__ACTION ITEM__:
Starting at the line with "EXE style 275-19,moderní" and ending at the line with "Встраиваемая посудомоечная машина", print exactly the lines of the entries below. Pictures do not belong in the copy.

__AVAILABLE DATA__:
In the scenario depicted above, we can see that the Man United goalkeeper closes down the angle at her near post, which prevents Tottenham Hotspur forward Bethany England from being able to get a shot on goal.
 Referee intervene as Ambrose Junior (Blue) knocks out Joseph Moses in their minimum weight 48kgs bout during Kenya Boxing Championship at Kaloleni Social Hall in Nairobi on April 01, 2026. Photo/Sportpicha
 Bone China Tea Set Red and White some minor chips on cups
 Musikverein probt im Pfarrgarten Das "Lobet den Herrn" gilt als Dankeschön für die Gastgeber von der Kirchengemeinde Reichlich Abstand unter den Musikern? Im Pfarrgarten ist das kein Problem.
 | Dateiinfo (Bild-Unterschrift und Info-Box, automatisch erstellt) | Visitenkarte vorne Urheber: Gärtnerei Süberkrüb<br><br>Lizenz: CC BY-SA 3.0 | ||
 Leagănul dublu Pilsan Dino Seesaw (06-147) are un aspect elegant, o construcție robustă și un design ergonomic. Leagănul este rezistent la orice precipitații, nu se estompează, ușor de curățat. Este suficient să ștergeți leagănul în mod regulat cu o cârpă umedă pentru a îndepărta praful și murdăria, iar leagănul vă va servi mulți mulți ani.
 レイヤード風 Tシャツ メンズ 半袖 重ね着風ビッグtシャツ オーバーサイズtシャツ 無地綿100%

--

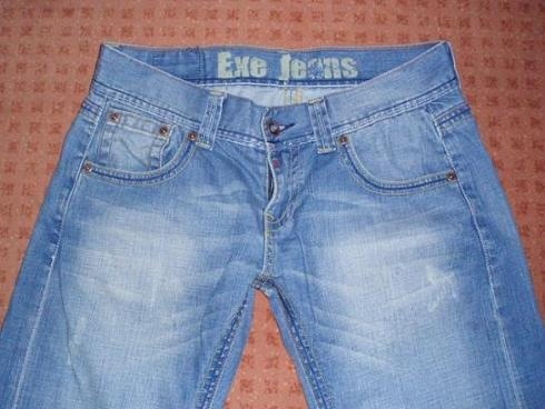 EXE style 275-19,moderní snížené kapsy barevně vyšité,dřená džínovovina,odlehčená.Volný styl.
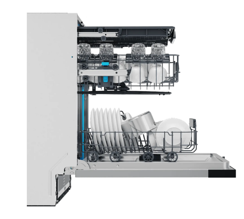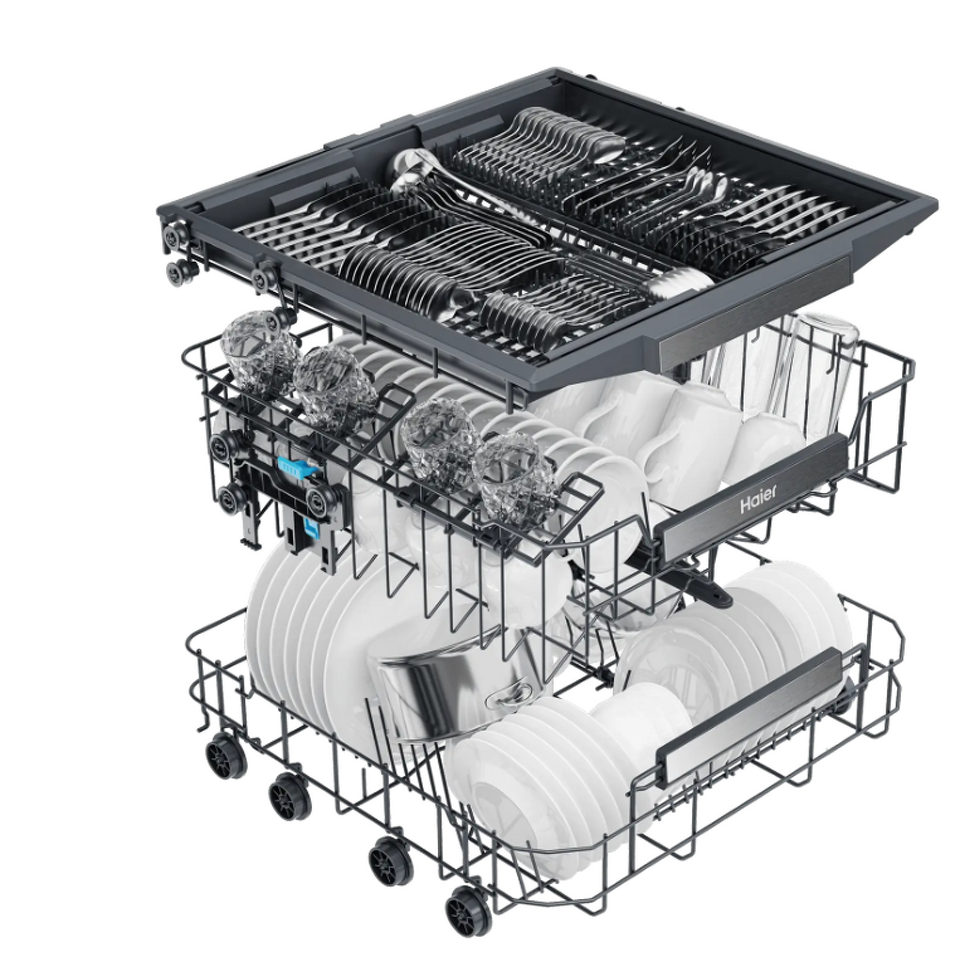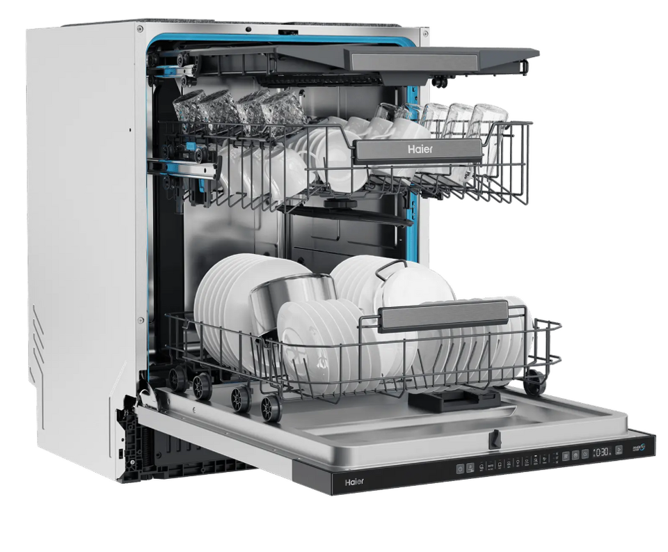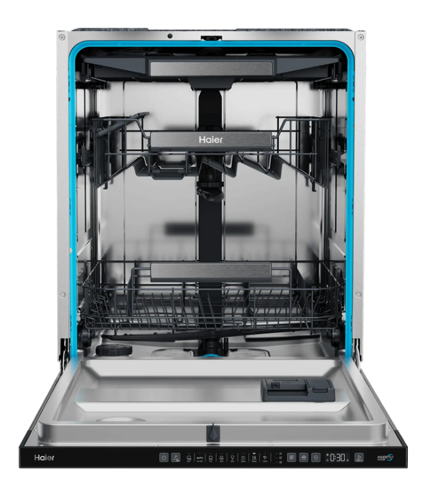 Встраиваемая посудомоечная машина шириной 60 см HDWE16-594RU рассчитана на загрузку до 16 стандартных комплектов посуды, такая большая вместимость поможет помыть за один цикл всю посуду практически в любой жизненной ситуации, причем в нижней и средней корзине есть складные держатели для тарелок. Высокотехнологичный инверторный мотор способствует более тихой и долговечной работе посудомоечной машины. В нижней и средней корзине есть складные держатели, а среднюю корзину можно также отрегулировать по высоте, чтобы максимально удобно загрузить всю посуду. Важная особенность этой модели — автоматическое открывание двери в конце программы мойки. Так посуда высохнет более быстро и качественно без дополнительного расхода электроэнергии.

__RESPONSE TO THIS EXERCISE__:
 EXE style 275-19,moderní snížené kapsy barevně vyšité,dřená džínovovina,odlehčená.Volný styl.
 Встраиваемая посудомоечная машина шириной 60 см HDWE16-594RU рассчитана на загрузку до 16 стандартных комплектов посуды, такая большая вместимость поможет помыть за один цикл всю посуду практически в любой жизненной ситуации, причем в нижней и средней корзине есть складные держатели для тарелок. Высокотехнологичный инверторный мотор способствует более тихой и долговечной работе посудомоечной машины. В нижней и средней корзине есть складные держатели, а среднюю корзину можно также отрегулировать по высоте, чтобы максимально удобно загрузить всю посуду. Важная особенность этой модели — автоматическое открывание двери в конце программы мойки. Так посуда высохнет более быстро и качественно без дополнительного расхода электроэнергии.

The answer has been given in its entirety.